An AC excitation power supply is the invisible lifeline for LVDTs, resolvers, and many AC‑powered sensors. When that supply drifts, your position feedback drifts. When it distorts, your control loop hunts. Yet most engineers check the sensor first, not the power feeding it.
I have debugged positioning systems that jittered by half a millimeter, only to find the excitation voltage was 10% low. The sensor was fine; the supply was not. Fixing the root cause—a poorly regulated AC source—solved everything.
How Excitation Quality Affects Your Measurements
AC sensors work by comparing output voltage ratios to the excitation input. If the excitation amplitude changes, the output ratio stays the same, but many measurement systems assume a fixed excitation level. A 5% drop in excitation becomes a 5% error in reported position.
Amplitude stability is the first spec to check. A good AC excitation supply holds output voltage within ±0.5% over line, load, and temperature. Many low‑cost units drift 2–3% as they warm up, or sag 5% under full load. That sag directly translates into sensor error.
Total Harmonic Distortion (THD) is the second factor. An LVDT expects a clean sine wave. Harmonic content, especially third harmonic, shifts the zero crossing and changes the RMS value. A supply with 5% THD introduces position errors that vary with the sensor’s phase angle. For precision applications, THD should stay below 1%.
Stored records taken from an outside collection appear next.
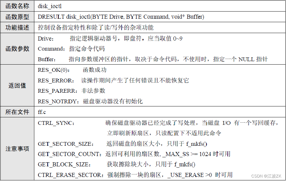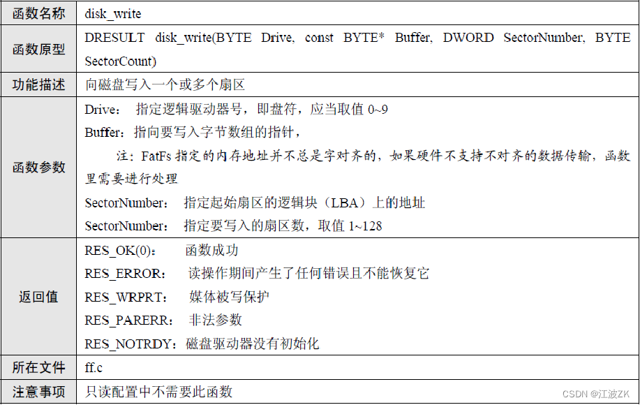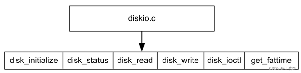 函数编写:打开diskio.c,进行底层驱动编写,一般需要编写6 个接口函数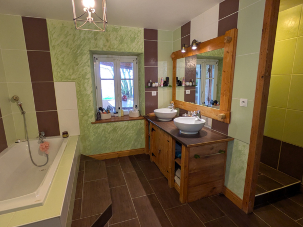 Étage : Grande mezzanine (possibilité d’aménager une cinquième chambre, ainsi qu’un coin bureau), trois chambres plus une pièce aménageable de 9m2.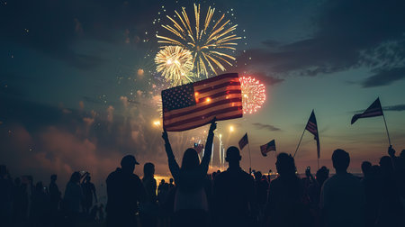 USA flag and people,Independence Day.National Day celebration,silhouette,generative ai

Frequency stability matters for sensor speed and phase response. A 5% frequency error changes the output voltage of an inductive sensor by roughly the same percentage. For a resolver used in a servo drive, that frequency shift also changes the phase relationship between the excitation and the output signals, potentially causing commutation faults.
Product Introduction: An Excitation Supply That Stays Stable
A purpose‑built AC excitation power supply is not the same as a general‑purpose function generator or a variable transformer. It needs specific features for industrial feedback sensors.
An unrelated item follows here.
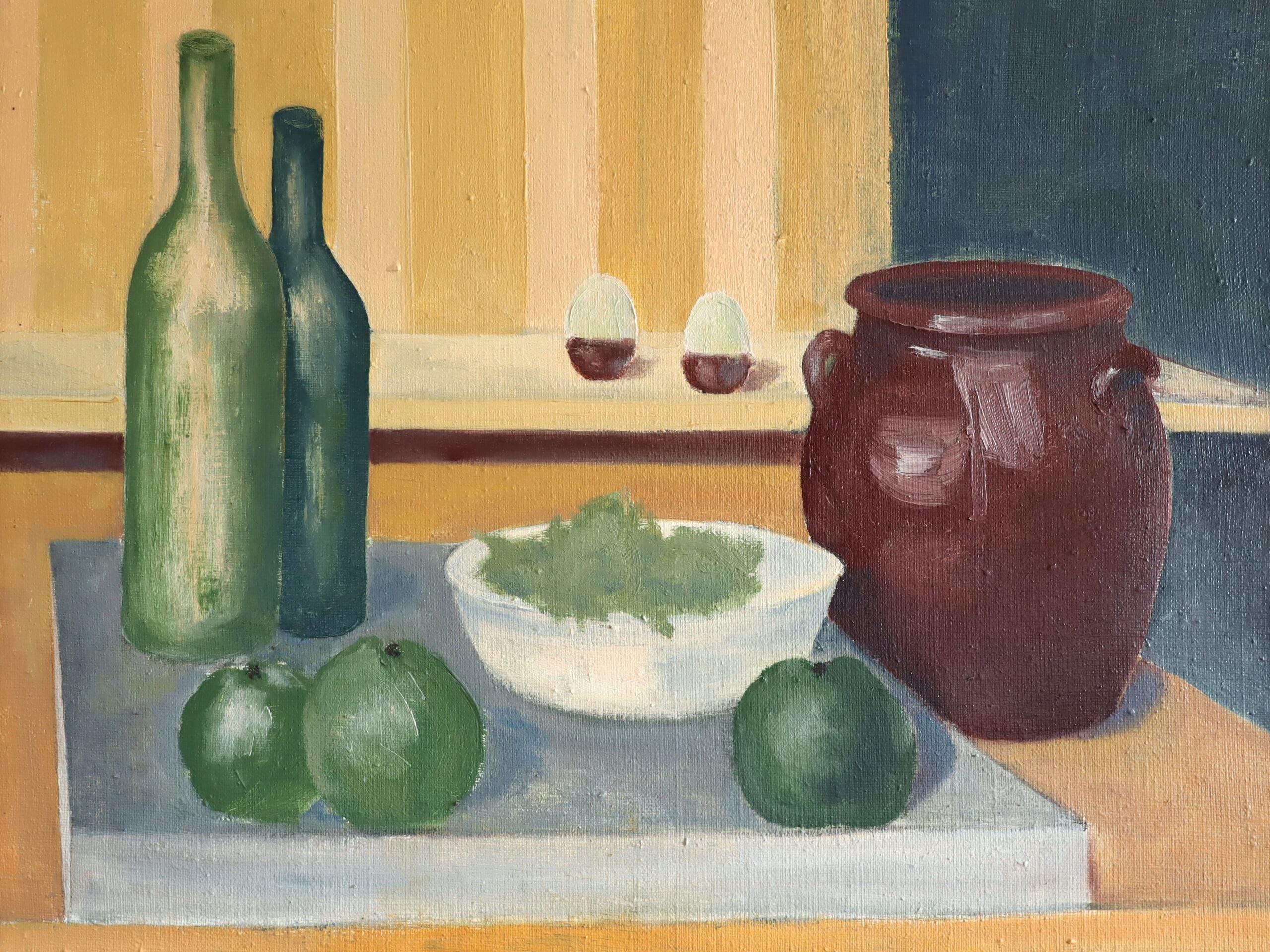 A charming modernist still life painting that captures a domestic tabletop scene with pared-down elegance and geometric order, executed in oil onto canvas.

Output voltage range should cover common excitation levels: 2 V, 5 V, 7 V, and 10 V RMS, with fine adjustment via a multi‑turn potentiometer or digital command. The output should be isolated from ground to prevent ground loops in sensor wiring. Isolation voltage of 250 V or more protects the supply if a sensor lead shorts to a motor winding.
Frequency selection should include 400 Hz, 1 kHz, 3 kHz, and 5 kHz—the standard bands for LVDTs and resolvers. A switch or a remote command changes frequency without recalibrating the amplitude. Better units offer frequency tracking, where the supply locks its output to an external reference for multi‑axis systems that need synchronized excitation.
Load regulation matters because a single supply often powers multiple sensors. The supply must maintain voltage within spec from no load to full load. Look for a load regulation figure of 0.1% or better.
Protection features include short‑circuit and overcurrent shutdown, with automatic recovery after the fault clears. Thermal protection prevents damage if the supply runs at high ambient temperatures.
For automated test or production, remote control is essential. An analog input allows external programming of amplitude and frequency. A digital interface (RS‑232 or Ethernet) logs output voltage and current, and provides status flags for over‑temp, overload, and regulation failure.
When the excitation supply is stable, your sensors tell the truth. That stability is worth every dollar of the investment.